Conifer Asset Mgmt. Ltd., 928 P.2d 760, 763 (Colo. App. 1996), the
trial court’s resolution of the waiver dispute — including,
specifically, determining whether Mountain West intended to waive
the warranty exclusions — required the resolution of conflicting
testimony and assessment of the numerous witnesses’ credibility.
Thus, the issue of waiver was a factual matter determined by the
3 We pause to note that, in their opening brief, the owners cite an
unpublished opinion of a different division of this court.
Unpublished opinions announced by a division of this court have
no precedential value. Patterson v. James, 2018 COA 173, ¶ 40.
Moreover, with exceptions not applicable here, this court’s policy
prohibits citations to our opinions that are not selected for official
publication. Colo. Jud. Branch, Court of Appeals Policies, Policy
Concerning Citation of Opinions Not Selected for Official Publication
(2026), https://perma.cc/ZQW2-H29D. We thus do not consider
the cited case. And we trust that this violation will not be repeated.
7
trial court. Avicanna Inc. v. Mewhinney, 2019 COA 129, ¶ 24. A
trial court’s “factual findings are binding unless they are so clearly
erroneous as not to find support in the record.” M.D.C./Wood, Inc.

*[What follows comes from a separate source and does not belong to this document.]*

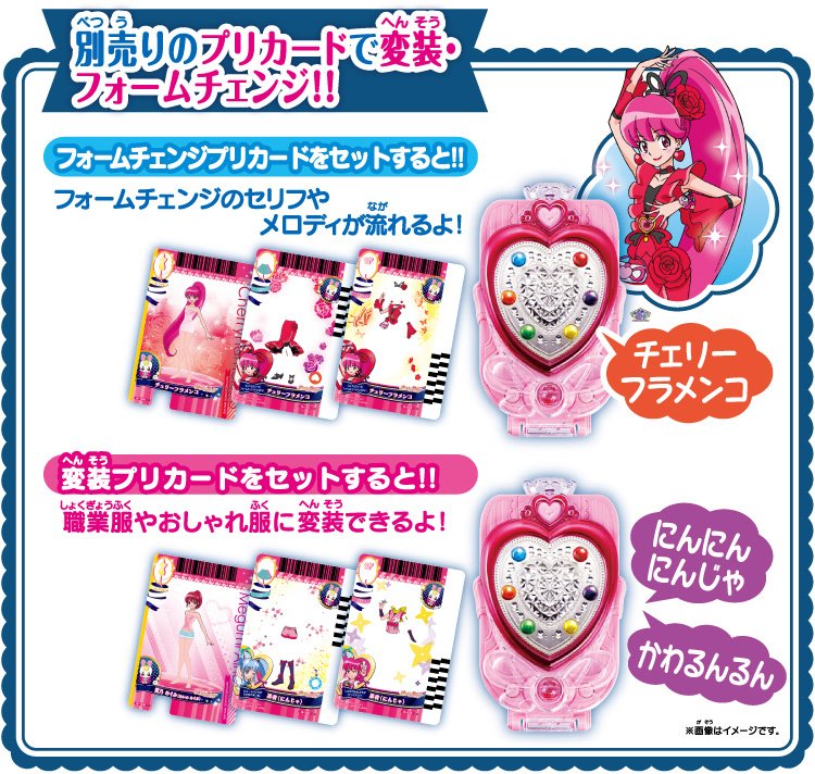 Sur la page d’accueil du site vous pouvez essayer le PreChanMirror, l’appareil de transformation des héroïnes de HappinessCharge. En combinant trois cartes à superposer, le PreChanMirror leur permet de se transformer en Precure, et de changer de forme ensuite. Hors des pouvoirs de Pretty Cure, l’appareil leur permet aussi de revêtir certaines tenues spécifiques comme le faisait déjà l’héroïne Usagi Tsukino/Sailor Moon en civile à l’époque dans sa série.

v. Mortimer, 866 P.2d 1380, 1383 (Colo. 1994).
B. Analysis
¶ 17 The owners argue that Mountain West implicitly waived the
exceptions codified in the warranty when it fixed the roof free of
charge despite knowing that the cause of the damage fell outside
the warranty’s scope. But while “an intent to waive a benefit may
be implied by conduct, the conduct itself should be free from
ambiguity and clearly manifest the intention not to assert the
benefit.” Donahue, 690 P.2d at 247. During the bench trial, Kropf
testified that Mountain West continued to service the roof because
he feared litigation if the company did not make the repairs.
¶ 18 The trial court found Kropf’s testimony to be credible. Thus,
there is clear record support for the court’s finding that Mountain
West’s conduct did not signify an intent to waive the benefit of the
warranty but rather stemmed from Kropf’s desire to avoid conflict.
¶ 19 And because the terms of the warranty remained in effect, the
record clearly demonstrates that the owners violated those terms
8
(and voided the warranty) when they implemented unauthorized
roof repairs and failed to properly maintain the roof. Finally, the
trial court correctly noted that the owners did not offer any credible
evidence that Mountain West improperly installed the roof, which
would have triggered the warranty requirement that the company
correct the leakage at its own cost.
III. Disposition
¶ 20 The judgment is affirmed.
JUDGE WELLING and JUDGE LIPINSKY concur.